A $\mathbf{600}\mathbf{}\mathbf{nm}$-thick soap film $\left(\mathbf{n}=\mathbf{1}.\mathbf{40}\right)$in air is illuminated with white light in a direction perpendicular to the film. For how many different wavelengths in the $\mathbf{300}$to $\mathbf{700}\mathbf{}\mathbf{nm}$ range is there (a) fully constructive interference and (b) fully destructive interference in the reflected light?

Short answer

(a) The number of wavelengths lying in visible range for constructive interference by thick soap film is 4 .

(b) The number of wavelengths lying in visible range for destructive interference by thick soap film is 5 .

Step-by-step solution

Identification of given data

The index of refraction for thick soap film is $n=1.40$

The range of wavelength is ${\lambda }_{\min }-{\lambda }_{\max }=300\text{nm}-700\text{nm}$.

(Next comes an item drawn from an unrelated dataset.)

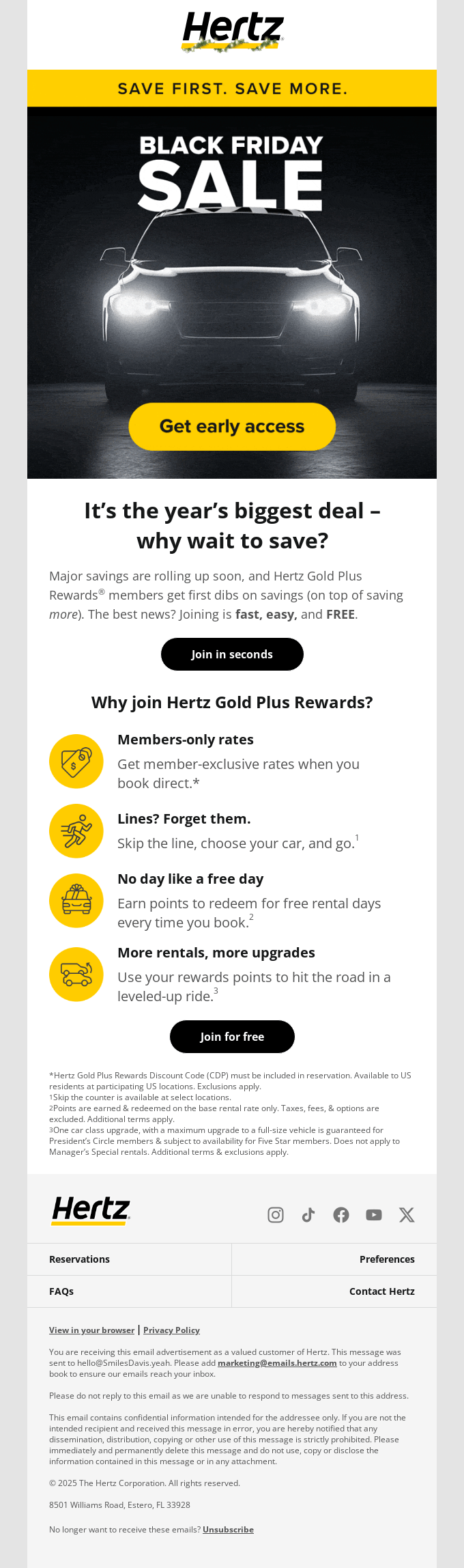 Hertz: 🤑 Smiles Davis: Join now for Black Friday early access!
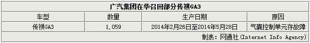 根据质检总局公布的信息,此次召回涉及部分传祺GA3轿车,其生产日期范围是2014年2月26日至2014年5月28日,召回共计1,059辆车。

The thickness of soap film is $t=600\text{nm}$.

Understanding the concept

The index of refraction is the ratio of the speed of light in medium to speed of light in vacuum.

(a) Determination of order of fringe for minimum and maximum wavelength of visible range for constructive interference

The minimum order of fringe for destructive interference of thick soap film in the visible range is given as:

$m_{\min }+\frac{1}{2}=\frac{2nt}{{\lambda }_{\min }}$

Substitute all the values in the equation.

$$\begin{gathered} m_{\min }+\frac{1}{2}=\frac{2\left(1.40\right)\left(600\text{nm}\right)}{300\text{nm}} \\ {m}_{\min }=5.6-0.5 \\ {m}_{\min }=5 \end{gathered}$$

The maximum order of fringe for destructive interference of thick soap film in visible range is given as:

$m_{\max }+\frac{1}{2}=\frac{2nt}{{\lambda }_{\max }}$

Substitute all the values in equation.

$$\begin{gathered} m_{\max }+\frac{1}{2}=\frac{2\left(1.40\right)\left(600\text{nm}\right)}{700\text{nm}} \\ {m}_{\max }=2.4-0.5 \\ {m}_{\max }=2 \end{gathered}$$

The second, third, fourth and fifth wavelengths lie in visible range for constructive interference by thick soap film.

Therefore, the number of wavelengths lying in visible range for constructive interference by thick soap film is 4 .

(b) Determination of order of fringe for minimum and maximum wavelength of visible range for destructive interference

The minimum order of fringe for destructive interference of thick soap film in the visible range is given as:

$m_{\min }=\frac{2nt}{{\lambda }_{\min }}$

Substitute all the values in the equation.

$\begin{array}{rcl}{m}_{\min }& =& \frac{2\left(1.40\right)\left(600\text{nm}\right)}{300\text{nm}}\\ & =& 5.6\\ & \approx & 6\end{array}$

The maximum order of fringe for destructive interference of thick soap film in visible range is given as:

$m_{\max }=\frac{2nt}{{\lambda }_{\max }}$

Substitute all the values in equation.

$\begin{array}{rcl}d{m}_{\max }& =& \frac{2\left(1.40\right)\left(600\text{nm}\right)}{700\text{nm}}\\ & =& 2.4\\ & \approx & 2\end{array}$

The second, third, fourth, fifth and sixth wavelengths lie in visible range for destructive interference by thick soap film.

Therefore, the number of wavelengths lying in visible range for destructive interference by thick soap film is 5.